Saturday, October 05, 2019

BUTTERLIES in THE PAKATAN HARAPAN CLOSET

BUTTERLIES in THE PAKATAN CLOSET and
MY CONFUSION THESE DAYS
by Azly Rahman
(Notes after a hiatus) 



The meaning we search for in Malaysian politics
Do we live in a rational world, one in which things make sense, explainable by the simple logic of cause and effect and correlation? Or has the world been an unpredictable universe of chance and randomness, and unpredictable events, from which we try to find patterns, meanings, explanation and console ourselves with the lessons learned?
Could an event that happened years, or even decades before, one that is seemingly insignificant, impact today’s world in a momentous way?

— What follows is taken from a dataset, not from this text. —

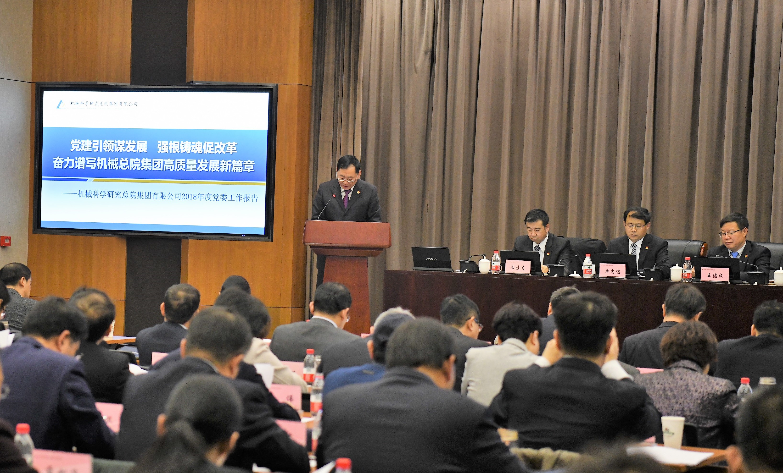 2019年1月18-19日,機械科學(xué)研究總院集團有限公司在京召開2019年度黨委工作會議。機械總院集團黨委委員,總工程師,工會主席,副總師,職能管理部門負責(zé)人,各單位領(lǐng)導(dǎo)班子成員、工會主席,總部黨總支委員,總部中層以及集團職工代表參加會議。會議由集團副總經(jīng)理單忠德主持。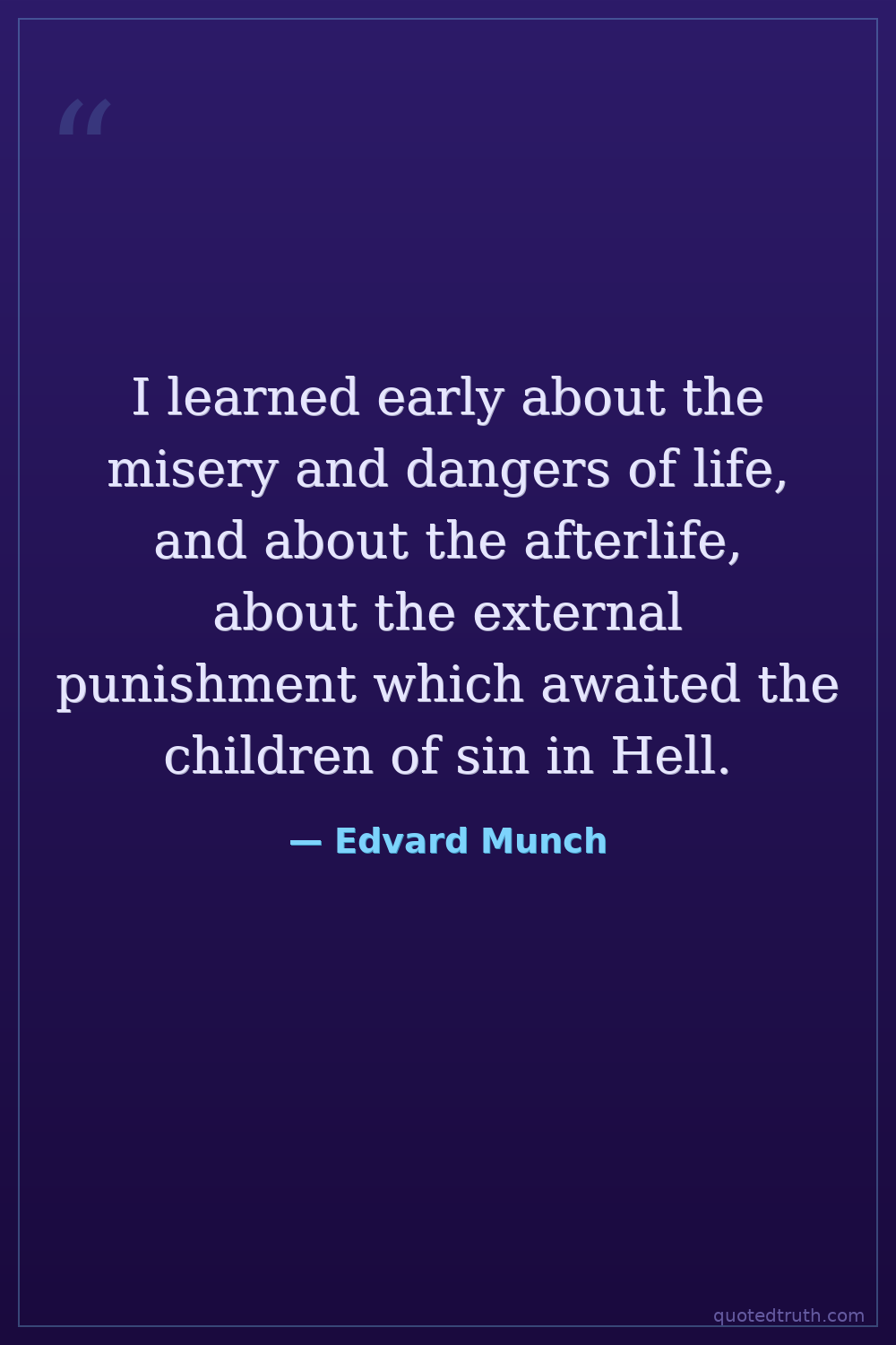 I learned early about the misery and dangers of life, and about the afterlife, about the external punishment which awaited the children of sin in Hell.

Like a butterfly flapping its wings in the Amazon jungle in the 1970s, creating ripples with its wings and the ripples creating bigger ones as they interact with other ripples and over time, bigger ripples becoming waves of energy, consequently creating changes in the weather pattern. Plausible? Correlational? Consequential?
This is a world of randomness we are in, of unpredictability we are trying to make sense of, before assigning their effect to the force of deux et machina, or fated determinism, or “God’s will”.
Consider these “butterfly effects” in Malaysian politics:
Dr Mahathir Mohamad’s revolt against Tunku Abdul Rahman narrated in “May 13: Before and After”, in all its chaos and complexity, order and randomness, Fate and Determinism, has buried the possibilities of the emergence of a truly multicultural society, with the rise and Machiavellian control of Malay politics.
The chance of non-bumiputeras to get equal opportunity and fair access to resources in education and social services continues to be sealed, as a “butterfly effect” of the victory of the Umno-Ultras during the post-May 13, 1969, political consolidation and institutionalisation of race-based politics.
Yesterday’s rebel has become today’s hero, in the person of Mahathir. It could have been a different story had Najib Abdul Razak won last May's elections. The chaos could have been faster and more devastating, the class divisions wider, the people’s misery more painful and pronounced. Most importantly, there would have been no second Mahathirist Revolution that we are now seeing. Nor will there be a full investigation and prosecution of the wrongdoings allegedly committed during Mahathir’s first tenure as prime minister.
Anwar Ibrahim’s Islamisation agenda, patroned by the Mahathir leadership, in all its sincerity and complexity of emulating the ideology of Ikhwanul Muslimin (Muslim Brotherhood) of Egypt and the 1979 Islamic Revolution of Iran, with all the flapping of the wings of countless ideological butterflies, has created the kind of Islamic radicalism hegemonising the political elite, the masses and government servants, providing a fertile ground for another wave of change: the demand for an Islamic State.
What could have happened, had the 1997 Asian financial crisis not existed, and Anwar, as finance minister then, did not have to agree to the IMF and World Bank prescriptions to get out of the George Soros-induced financial quagmire that made the country's finances parlous? It may not have led to the dismissal of Anwar Ibrahim as deputy prime minister and the birth of PKR.
The flappings of the wings of those ideological butterflies, in the years since “Anwar's black eye” incident, have created, in all the randomness and chaos, today's difficult transition of power from Mahathir to the next prime minister. The issue of trust dominates the consciousness of the two leaders who go a long way back to the early 80s, a period of plenty when Thatcherism and Reaganism were the dominant free-enterprise ideologies.
In a world of the Butterfly Effect, nothing is certain. As the Chinese philosopher Lao Tzu once said, the only permanent thing is change. Throw in the notion of politics, wherein there are no permanent enemies nor friends, and to survive the Machiavellian way, one has to use lies and deceit, even murder.
Such is the certainty of uncertainties.
Those are two examples of how one can employ the perspective of looking at butterflies in Malaysia's socio-political evolution. We do not know what force governs these.
As rational beings, we need explanations, or else some of us will go mad trying to make sense of this existential, Kafkaesque world in all its absurdities. A world in which dictators live long.
Does life have meaning?
“I don’t know,” as Socrates would answer.